There was no question that the bank had the right to have the liens paid off in their entirety at the time of the closing on the sale of the property. The Court could not issue an order that would violate the rights of a third party whose interest in the equity was superior to Okere/Porter. Therefore, any resolution of the action must simultaneously provide that Okere/Porter were entitled to take title to the property from the Broises for the contract price of $1,650,000 and that the bank was entitled to have its liens fully satisfied at the closing. Furthermore, the Broises are the only parties who were liable to the bank for the amounts due on the mortgages in excess of the contract price.

To formulate a resolution of this dispute, the Court looked to a precedent in which the Second Department awarded the buyer specific performance although the seller claimed to be unable to convey clear title at the scheduled closing, as a result of additional encumbrances on the property in an amount that exceeded the sale price, due to the seller’s own business dealings post-contract. The Court there reasoned that since the seller had a contractual obligation to discharge the liens and convey clear and marketable title, and because any professed inability to do so was its own doing, specific performance was the appropriate remedy. And directed that the seller should raise the money to pay off the second mortgage lien on the premises and convey clear title to the buyer in accordance with the contract.

Accordingly, the Court found that Okere/Porter were entitled to an award of specific performance of the contract of sale. To the extent that the sale proceeds were insufficient to pay off the mortgage liens, any additional sums that must be paid to the bank to fully satisfy the liens were the obligation of the Broises and they were directed to make such payments. 

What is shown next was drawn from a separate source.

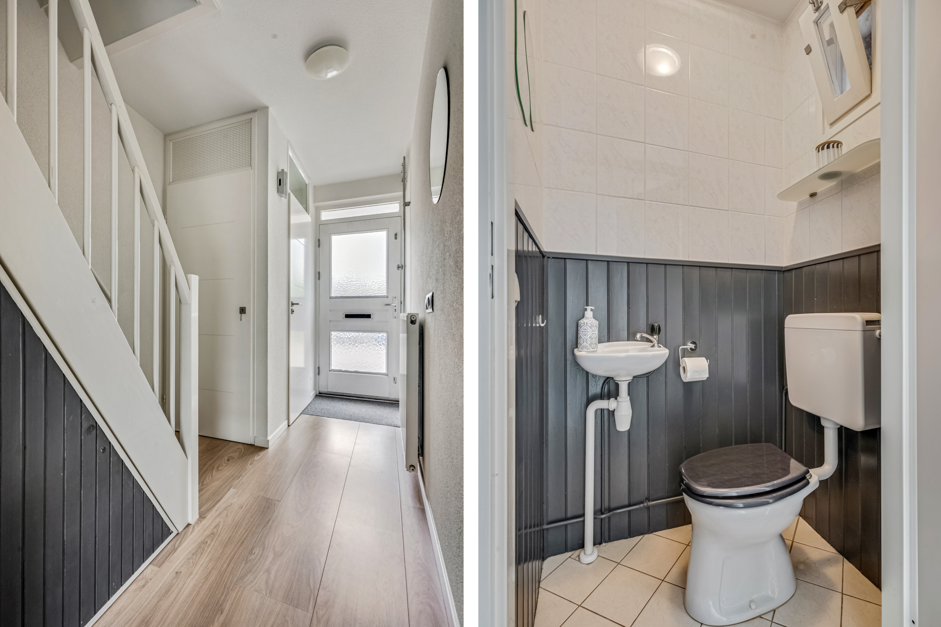Via de ruime, strak aangelegde voortuin bereik je de entree van de woning. Via de voordeur kom je binnen in de hal voorzien van een toiletruimte met fonteintje, trapopgang naar de eerste verdieping en toegang tot de living.

But recognizing the possibility that the Broises would profess an inability to satisfy the mortgage liens at the closing, the Court’s judgment would include an alternative directive, as suggested by Okere/Porter: in the event, the Broises failed to pay off the mortgage and HELOC at the closing, then, to the extent the sale proceeds did not cover those liens, Okere/Porter would be entitled, at their option, to pay off the existing mortgages so that they could take the property with clear title and, upon so doing, they would be entitled to enter a supplemental money judgment against the Broises in the amount of any such payment necessary to obtain clear title, upon appropriate proof of payment.

The Court was not convinced that any other money judgment was warranted. The claim that Okere/Porter suffered losses based on their need to pay rent of $3,200 per month, as well as utilities, and the cost of a storage unit, failed to entitle them to such a judgment. The Broises would have paid utilities in any event. The need for a storage unit was not shown to have arisen out of the failure of the sale contract. And they would have been responsible for significantly more than those claimed losses in real estate taxes on the property, had they succeeded in obtaining title at the outset.

Okere/Porter’s application for an award of attorney’s fees was denied. Generally, attorney’s fees may not be awarded absent an agreement between the parties or a statute or court rule authorizing them. Okere/Porter did not allege or show that the agreement contained such a provision.